Processing of write protection and fault handling is executed in the order
as follows:
(1) Initialization phase
- Sets up data structure for write protection management.
- Splits all large pages in kernel space into 4K pages since currently
livedump can handle only 4K pages. In the future, this step (page
splitting) should be eliminated.
(2) Write protection phase
- Stops machine.
- Handles sensitive pages.
(described below about sensitive pages)
- Sets up write protection.
- Resumes machine.
(3) Page fault exception handling
- Calls the handler function before unprotecting the faulted page.
(4) Sweep phase
- Calls the handler function against the rest of pages.
(5) Uninitialization phase
- Cleans up all data structure for write protection management.
This patch exports the following 4 ioctl operations.
- Ioctl to invoke initialization phase
- Ioctl to invoke write protection phase
- Ioctl to invoke sweep phase
- Ioctl to invoke uninitialization phase
States of processing is as follows. They can transit only in this order.
- STATE_UNINIT
- STATE_INITED
- STATE_STARTED (= write protection already set up)
- STATE_SWEPT
However, this order is protected by a normal integer variable, therefore,
to be exact, this code is not yet safe against concurrent operation.
The livedump module has to acquire consistent memory image of kernel space.
Therefore, write protection is set up while update of memory state is
suspended. To do so, the livedump uses stop_machine currently.
Causing livedump's page fault (LPF) during LPF handling results in nested
LPF handling. Since LPF handler uses spinlocks, this situation may cause
deadlock.
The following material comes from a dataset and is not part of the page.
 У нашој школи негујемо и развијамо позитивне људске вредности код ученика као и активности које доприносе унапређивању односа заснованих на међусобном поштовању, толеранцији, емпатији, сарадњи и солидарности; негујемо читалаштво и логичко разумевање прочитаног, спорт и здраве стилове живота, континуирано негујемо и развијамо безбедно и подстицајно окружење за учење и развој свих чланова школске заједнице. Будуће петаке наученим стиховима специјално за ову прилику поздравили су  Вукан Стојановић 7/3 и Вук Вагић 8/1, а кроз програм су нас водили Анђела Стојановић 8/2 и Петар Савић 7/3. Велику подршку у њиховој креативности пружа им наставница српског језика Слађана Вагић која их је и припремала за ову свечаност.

Therefore, any pages that can be updated during LPF handling must
not be write-protected. For the same reason, any pages that can be updated
during NMI handling must not be write-protected. NMI can happen during LPF
handling, and so LPF during NMI handling also results in nested LPF
handling. I call such pages that must not be write-protected
"sensitive page". Against the sensitive pages, the handler function is
called during the stop-machine state and they are not write-protected.
I list the sensitive pages in the following:
- Kernel/Exception/Interrupt stacks
- Page table structure
- All task_struct
- ".data" section of kernel
- per_cpu areas
Pages that are not updated don't cause page fault and so the handler
function is not invoked against them. To handle these pages, the livedump
module finally needs to call the handler function against each of them.
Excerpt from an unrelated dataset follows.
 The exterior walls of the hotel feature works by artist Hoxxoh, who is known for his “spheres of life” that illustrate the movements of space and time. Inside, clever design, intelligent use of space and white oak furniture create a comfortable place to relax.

I call this phase "sweep", which is triggered by ioctl operation.
Signed-off-by: YOSHIDA Masanori <[email protected]>
Cc: Thomas Gleixner <[email protected]>
Cc: Ingo Molnar <[email protected]>
Cc: "H. Peter Anvin" <[email protected]>
Cc: [email protected]
Cc: Prarit Bhargava <[email protected]>
Cc: Andy Lutomirski <[email protected]>
Cc: "Eric W. Biederman" <[email protected]>
Cc: Srikar Dronamraju <[email protected]>
Cc: [email protected]
---
arch/x86/Kconfig | 16 +
arch/x86/include/asm/wrprotect.h | 45 +++
arch/x86/mm/Makefile | 2
arch/x86/mm/fault.c | 7
arch/x86/mm/wrprotect.c | 548 ++++++++++++++++++++++++++++++++++++++
kernel/livedump.c | 46 +++
tools/livedump/livedump | 32 ++
7 files changed, 695 insertions(+), 1 deletion(-)
create mode 100644 arch/x86/include/asm/wrprotect.h
create mode 100644 arch/x86/mm/wrprotect.c
create mode 100755 tools/livedump/livedump
diff --git a/arch/x86/Kconfig b/arch/x86/Kconfig
index 39c0813..e3b4e33 100644
--- a/arch/x86/Kconfig
+++ b/arch/x86/Kconfig
@@ -1734,9 +1734,23 @@ config CMDLINE_OVERRIDE
This is used to work around broken boot loaders. This should
be set to 'N' under normal conditions.
+config WRPROTECT
+ bool "Write protection on kernel space"
+ depends on X86_64
+ ---help---
+ Set this option to 'Y' to allow the kernel to write protect
+ its own memory space and to handle page fault caused by the
+ write protection.
+
+ This feature regularly causes small overhead on kernel.
+ Once this feature is activated, it causes much more overhead
+ on kernel.
+
+ If in doubt, say N.
+
config LIVEDUMP
bool "Live Dump support"
- depends on X86_64
+ depends on WRPROTECT
---help---
Set this option to 'Y' to allow the kernel support to acquire
a consistent snapshot of kernel space without stopping system.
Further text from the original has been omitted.